I tried to return to high standards of appearance with my first job teaching school, but I couldn’t doll myself too much—I was instructing a bunch of hormonal teenaged boys. Besides, I had to be there by 7:20am; an early schedule doesn’t allow for extreme beautification. I couldn’t get too lackadaisical, though, because the entire little town where I worked was bored, observant, and nosey. If you stepped out, they knew where, when, whom you were with, and how long you’d stayed. If you ate at a restaurant, they knew what you’d ordered. There was no part of life unobserved, short of moments spent hiding behind closed curtains. Boy, I don’t miss that crap.

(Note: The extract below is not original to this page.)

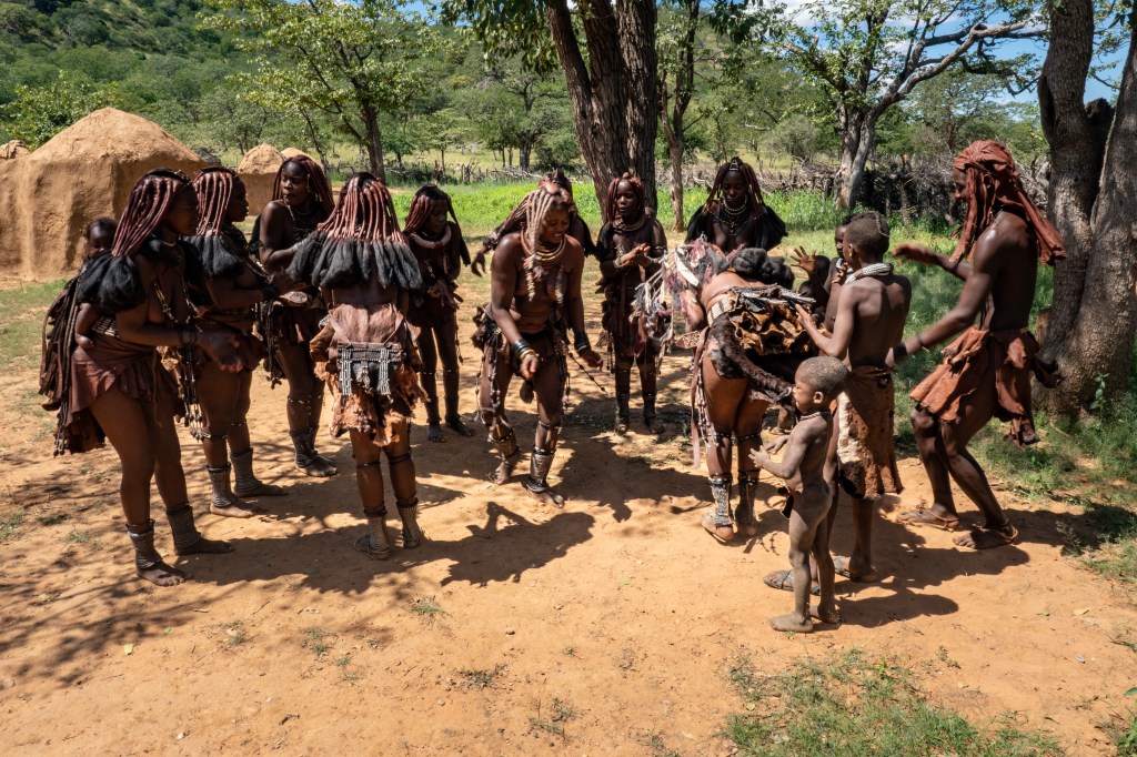 Alle Männer haben mit dem Vieh, meist Rinder und Ziegen, das Dorf verlassen … bis auf einen, der auf die Frauen aufpasst. Das Dorf ist rund angelegt mit einem Durchmesser von 100 Metern. In der Mitte befindet sich ein Kral, ein eingezäunter Bereich, in dem am Abend die Tiere untergebracht werden. Ringsherum stehen kleine runde Hütten aus Holz und Lehm. Die grösste Hütte hat eine quadratische Grundfläche und dient dem Oberhaupt des Dorfes und Zeremonien. Unmittelbar davor brennt das ewige Feuer, dass nie erlöschen darf. Wir probieren den Hirsebrei mit Ziegenmilch … sauer und schwer geniessbar … und sehen bei der Zubereitung der Kosmetik zu. Die Himbas mit tiefschwarzer Hautfarbe tragen eine rötliche Paste auf, die mit Fett, Kräutern, rotem Steinsalz und Asche erzeugt wird und die Haut vor den Umwelteinflüssen (Sonne, Hitze, Kälte) schützt. Die halbnomadisch lebenden Himbas tragen als Kleidung einen Lendenschurz (Männer) oder bunte Gürtel um die Hüften (Frauen) und sonst nix mehr. Zum Schluss des Rundganges wird dann noch getanzt und sowohl Conny wie auch Sebastian können die Beine nicht still halten und tanzen „ekstatisch“ mit 🙂

Then I worked in a few offices. The standards began dropping again. I did what I needed to do to look “finished” for work, but the company where I spent five years was busy and demanding, and there simply was no time many days for extra efforts; lipstick and shadow applied hurriedly at my desk was usually as far as I got. Plus, the owners were firm believers in no privacy—desks sat next to desks, which sat next to more desks; any attempts to cosmetify were acutely observed and noted.
I had one other job after that, for a crazy woman. I had all the privacy I could want. But... I was married by then. Why bother? And finally, to seal my standards in their far lower positions, I got pregnant. Well, that was all she wrote. The standards have remained frighteningly low ever since. Now, there is a) insufficient time, b) insufficient concern, and c) less of a canvas to work with. I knew it was over when I first left the house in sweat pants. That was something I swore I’d never do. I did. Just last week, I ran to the grocery store wearing the offensive fleece fat huggers, AND sporting no eyeliner. That’s right, strode boldly into public that way. I’ve given up. Besides, makeup doesn’t do what it used to do. It can’t cover those lines around my eyes, and it certainly can’t detract from my firmly etched laugh lines; nor does it work on my new hairy chinny chin chin, and there’s no cosmetic in the world to hide the fact that I’m more jowly than ever before.
The ludicrous thing is that to this day, I don’t think anyone else has noticed my lagging beauty standards and decreased efforts. Todd and I have this silly joke about how we used to be stars of our own shows; he had the Todd show, and I had the Mel show. And we painstakingly prepared for every take, for each new episode. Now, years later, we realize that no one was ever watching our shows. They were getting ready for and performing in their own shows. They thought I was watching them. The punch line of all this? None of our shows ever even got picked up. They never made it past the pilot stage.
It’s kind of a relief to realize no one is watching my show. It takes some pressure off. Now I have a different kind of audience: my little boy. Sometimes it seems as if he’s watching only the out-takes and mistakes of my life. But it helps keep me on track. I don’t worry so much about hair and "stage" makeup, thank goodness. I have more time to practice my lines. I can focus on my facial expressions, my voice inflection and delivery.
Come to think of it, maybe these lower standards are not really lower at all. They’ve just been juggled, reprioritized. Nowadays, I’m trying to direct my efforts where they should have gone all along—not to my physical appearance, but to the betterment of my moral and character standards. I wonder where I’d be today if I’d invested more time in that development all along. Hmmmm.
Happy 2008. Best wishes at being your best you ever.